Core: Reverse Hypers, sets of 8 to 8RM: 200/8, 250/8, 300/8, 350/8, 400/8, 450/8

Balance/Unilateral:
Single-leg squat, back leg hanging off back of box, 2x8: 12" box 8+8, 18" box 8+8

Strength: Snatch-grip DL to TM___: then back down to 80% and perform 10 sets of 2, with
60s rest for hypertrophy
TM=180kg, then 145kg/2 x10sets
Medium grip Behind Neck Press to 3RM: 80kg

Cooldown: Stretching of legs, back and shoulders


Comments looking back: I made relatively good progress on this type of program. It was a speed day/strength day template. I never got rid of all my knee pain, but most of it. Still had some in the right. But I noticed that over time, it took me longer and longer to "warm-up." More foam roller in the beginning and more stretching of the hip flexors and rotators. This type of training is now the accepted method being espoused by many "performance coaches." Like I said, it worked for awhile. The problem was, the more you lift, the more pre-hab and recovery work you have to do, until you spend more time than you have available to train. Life gets in the way.

Eventually, I cut back on my lifting for that summer and ramped back up in the fall. January of 2005 was when I hurt my right hip.

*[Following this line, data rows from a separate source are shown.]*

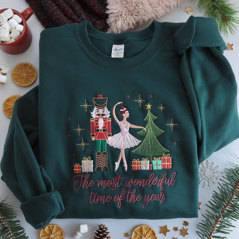 The Most Wonderful Time Of The Year Embroidered Sweatshirt, Christmas Nutcracker Ballet Embroidery Shirt, Merry Christmas, Xmas Holiday Gift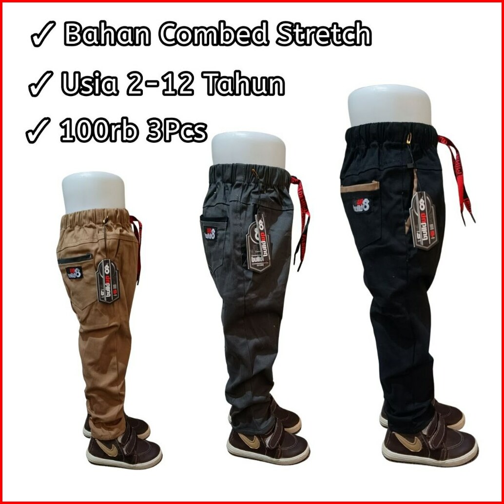 Paket 100ribu Dapat 3pcs Celana Anak Chino Usia 2-12 Th Bahan Combed Twill Streact Melar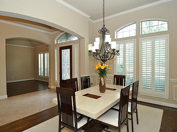Entry w/ 12-ft coffered ceilings opens to formals w/ hardwood floors. Formal living could be used as Study. Custom shutters throughout.Family room features a cast-stone fireplace and ceramic tile flooring. Kitchen has GE Profile stainless appliances, granite counters and 42-inch custom cabinets. Butler's pantry. Game room off breakfast room. Guest suite w/ full bath. Granite counters in master bath. Covered back patio and 3-car attached tandem garage. Generac natural gas generator installed 2016. Custom closets installed by the Closet Factory in the Master Bedroom and an additional bedroom. Four SafeRacks for storage installed in garage ceiling provides additional storage. Generac whole house natural gas generator. French drains on right & left sides of home from backyard to front yard. Ring doorbell, patio floodlight, side and garage.

I've talked enough about how Z was the ONLY thing that helped my hip. So I'll skip on a bit.

Here's an e-mail I got yesterday from Randy Hauer, an accomplished Master's class athlete and fellow RKC. I'll insert my answers after his questions.

Hi Geoff,

In response to your Z-stirring the pot on your blog. I received my R-Phase kit last week and frankly I'm a little disappointed...I don't mean to be negative...but after reading the material and practicing the movements Z so far strikes me as simply a diluted if somewhat more structured Amasov/Super Joints mobility routine. Frankly, I don't get it.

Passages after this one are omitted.